The ancient cinder cone I’m perched on reminds me that St. Paul, was, oh so long ago, one of the last places woolly mammoths could be found in North America. I’m here doing research for my book The End of Ice. And that, in turn, brings me back to the new reality in these far northern waters: As cold as they still are, human-caused climate disruption is warming them enough to threaten a possible collapse of the food web that sustains this island’s Unangan, its Aleut inhabitants, also known as “the people of the seal.” Given how deeply their culture is tied to a subsistence lifestyle coupled with the new reality that the numbers of fur seals, seabirds, and other marine life they hunt or fish are dwindling, how could this crisis not be affecting them?
While on St. Paul, I spoke with many tribal elders who told me stories about fewer fish and sea birds, harsher storms, and warming temperatures, but what struck me most deeply were their accounts of plummeting fur-seal populations. Seal mothers, they said, had to swim so much farther to find food for their pups that the babies were starving to death before they could make it back.
And the plight of those dramatically declining fur seals could well become the plight of the Unangan themselves, which in the decades to come, as climate turbulence increases, could very well become the plight of all of us.
Just before flying to St. Paul, I met with Bruce Wright in Anchorage, Alaska. He’s a senior scientist with the Aleutian Pribilof Islands Association, has worked for the National Marine Fisheries Service, and was a section chief for the National Oceanic and Atmospheric Administration for 11 years. “We’re not going to stop this train wreck,” he assures me grimly. “We are not even trying to slow down the production of CO2 [carbon dioxide], and there is already enough CO2 in the atmosphere.”
While describing the warming, ever more acidic waters around Alaska and the harm being caused to the marine food web, he recalled a moment approximately 250 million years ago when the oceans underwent similar changes and the planet experienced mass extinction events “driven by ocean acidity. The Permian mass extinction where 90 percent of the species were wiped out, that is what we are looking at now.”
I wrap up the interview with a heavy heart, place my laptop in my satchel, put on my jacket, and shake his hand.
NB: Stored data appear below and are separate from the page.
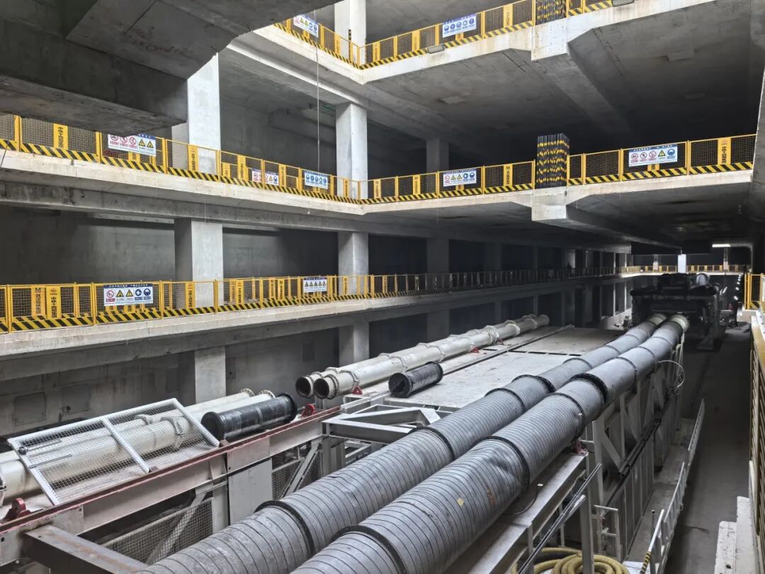 新港线西延线余家头站作为我院主持设计的首座轨道交通越江大盾构始发站,该站以35米的最大开挖深度、复杂敏感的建设环境、多项技术难点,成为全线建设的控制性节点之一,车站地处长江一级阶地,基坑位于40米承压含水层中,紧邻长江大堤,距既有5号线结构仅14米,东西两侧分别紧贴老旧改造建筑与同期施工的140米超高层建筑,在如此高难度的环境下,项目还需应对施工期顶板全覆土回填、中板与中柱无法实施、结构横向跨度达18米、竖向跨度达17米等诸多技术挑战,运营期还需凿除站厅边柱,形成15米单柱双跨空间,设计与安全控制难度空前,面对重重困难,项目设计团队秉承技术先行、服务现场的理念,通过精心组织与技术创新,不仅按时保质完成各阶段供图,更坚持“现场问题不过夜”原则,每周至少开展一次现场巡查,凭借主动服务与前置配合,为车站结构提前封顶提供了坚实技术保障,该项目在极端复杂的建设条件下展现了我院在轨道交通设计领域的综合技术实力与现场服务能力,赢得了业主与施工各方的高度认可,也为后续类似越江大盾构始发车站设计积累了宝贵经验。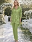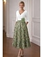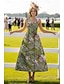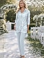 Linha A Longo Camisetão Vestido de convidada de casamento Vestido formal Vestido Para Mãe dos Noivos Manga Longa Colarinho de Camisa Elegante Vintage Casamento Formal Fibra Sintética com Estampa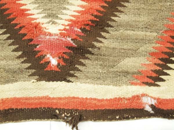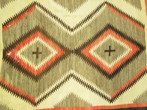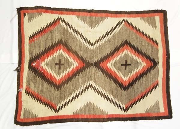 1920 Native American Navajo Cross Directional Textile Rug, measures 54'' x 74'', threadbare places, some holes, selvage damage

Knowing I’m about to fly to St. Paul, Wright has one final thing to tell me as he walks me out: “The Pribilofs were the last place mammoths survived because there weren’t any people out there to hunt them. We’ve never experienced this, where we are headed. Maybe the islands will become a refuge for a population of humans.”
For at least two decades, I’ve found my solace in the mountains. I lived in Alaska from 1996 to 2006 and more than a year of my life has been spent climbing on the glaciers of Denali and other peaks in the Alaska Range. Yet that was a bittersweet time for me, as the dramatic impacts of climate change were quickly becoming apparent, including quickly receding glaciers and warmer winter temperatures.
After years of war and then climate-change reporting, I regularly withdrew to the mountains to catch my breath. As I filled my lungs with alpine air, my heart would settle down and I could feel myself root back into the Earth.
Later, my book research would take me back onto Denali’s fast-shrinking glaciers and also to Glacier National Park in Montana. There I met Dr. Dan Fagre, a US Geological Survey research ecologist and director of the Climate Change in Mountain Ecosystems Project. “This is an explosion,” he assured me, “a nuclear explosion of geologic change. This…exceeds the ability for normal adaptation. We’ve shoved it into overdrive and taken our hands off the wheel.” Despite its name, the park he studies is essentially guaranteed not to have any active glaciers by 2030, only 11 years from now.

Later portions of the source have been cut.